Academic Research
New book coming soon.
Academic Research
2018–Feb 2024
PhD, History
Centre for Historical Studies
Jawaharlal Nehru University
India
2016–2018
MPhil, History
Centre for Historical Studies
Jawaharlal Nehru University
India
My PhD thesis titled The Life and Letters of Abdul Jalil Bilgrami: A Study of the Literary Pursuits of a Petty Official in Eighteenth Century Mughal India is a microhistorical study of the life of a low-ranking bureaucrat. Working under the supervision of Prof. Najaf Haider, I concentrate on the first three decades of the eighteenth century, intending to capture the lived experience of a commoner serving the empire in the period of administrative decline. To authentically capture such an experience, I move away from the use of conventional historical sources such as court chronicles and commissioned histories—which tend to focus exclusively on the elite—to personal letters and poetry. These literary works written in the private domain provide an excellent opportunity to visualize the very pedestrian experience of imperial decline, presenting before us an ant's-eye view. Thus, the thesis, macro-historically, aims to offer itself as a unique history of the fall of the Mughal empire.
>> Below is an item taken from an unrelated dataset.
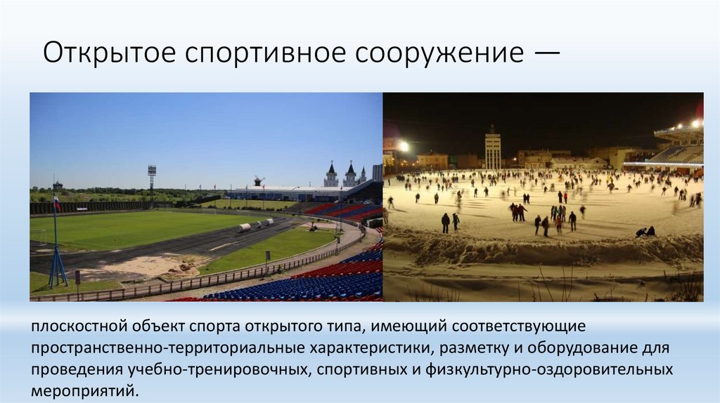 Открытое спортивное сооружение —плоскостной объект спорта открытого типа, имеющий соответствующие

The ideas for my thesis developed during the course of my MPhil degree for the fulfilment of which I submitted my dissertation titled, Being a Mansabdar: Norms of Civility and Issues of Identity in Mughal Lower Bureaucracy. As the titles and themes of my thesis and dissertation suggest, I have always been interested in the history of the marginal; the ones lost to time because of the apparent paucity of sources preserving their voices. Yet, such a supposed paucity needs to be and has been constantly challenged with recent historiographical developments giving people's history its rightful place in the discourse. However, such trends have also created a rigid dichotomy between the elite and the non-elite, ignoring the presence of the middle strata.
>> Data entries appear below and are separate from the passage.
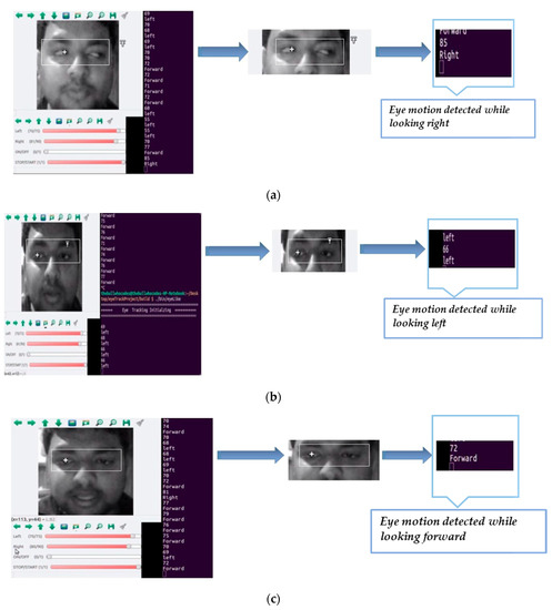Designed system’s results for eye control mode (a) right, (b) left, and (c) forward.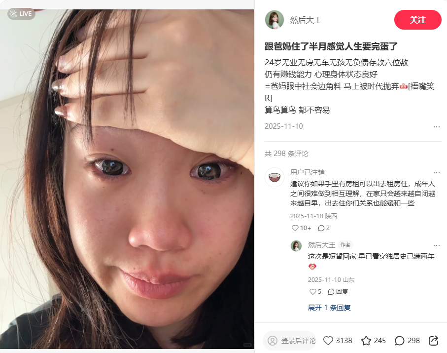 一个存款六位数的年轻人,在父母眼里依然可能被贴上“社会边角料”的标签 / 图源小红书博主@然后大王,已授权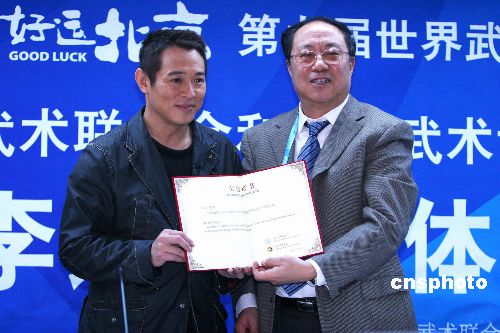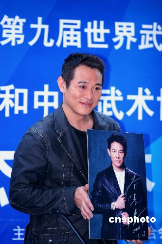 11月12日,昔日优秀的武术运动员、如今的国际著名武打影星李连杰,被国际武术联合会和中国武术协会任命为武术形象大使。中新社发 富田 摄

To reassert their presence, my recently published article Revisiting the Mirzanama: Class Consciousness and the Mughal Middle Classes, The Medieval History Journal, Vol. 26, No. 1, April 2023) argues for the existence of a sufficiently distinguishable and conscious middling section in Mughal Indian society.
As is clear from above, I specialize in literary history, microhistory and socio-cultural history.